Cook chicken pieces in about a tablespoon of vegetable oil over medium-high heat. Separate the pieces so they don't stick together. A little bit of browning is good. Cook in batches if you have to.
After the chicken was cooked, I reserved the juice that had drained out of them and stuck the chicken pieces under the broiler for about 10 minutes.
For the sauce:
1 Tablespoon oil or butter
1 small onion, sliced or diced
2 teaspoons grated ginger
4 cloves minced garlic
1 Tablespoon ground coriander
1-2 teaspoons paprika
1-2 teaspoons garam masala
1/2 teaspoon turmeric- I didn't have this, so I used extra garam masala
1/2 teaspoon ground black pepper (I just eyeballed it)
14 ounces crushed tomatoes (half of a 28 ounce can)
3 big spoonfuls of coconut cream, plus a spoonful or two of yogurt
About 1 1/2 teaspoon powdered carolina reaper (less if you're not me)
1/2 teaspoon salt (I eyeballed it)In the same pan you used for the chicken, sauté the onion in oil for about 5 minutes.

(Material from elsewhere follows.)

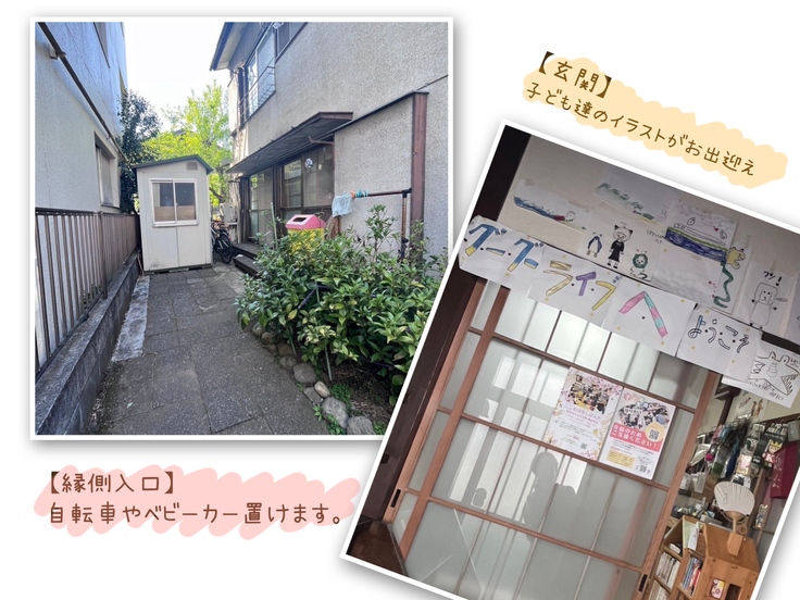 →スタッフが玄関までお出迎えします。入口は正面と、建物向かって左手の縁側の2箇所です。(慣れている方は縁側口からどうぞ^^)

Add the spices, cook about a minute, then add the crushed tomatoes (I added the juice that I reserved from the chicken). Cook about 4 minutes. Add the coconut cream and/or yogurt. Reduce heat and simmer for another 4 minutes or so, then add chicken. Serve over rice. Garnish with cilantro, unless you're @Karla or you're like me and you don't have any.
Vaguely approximated from this recipe.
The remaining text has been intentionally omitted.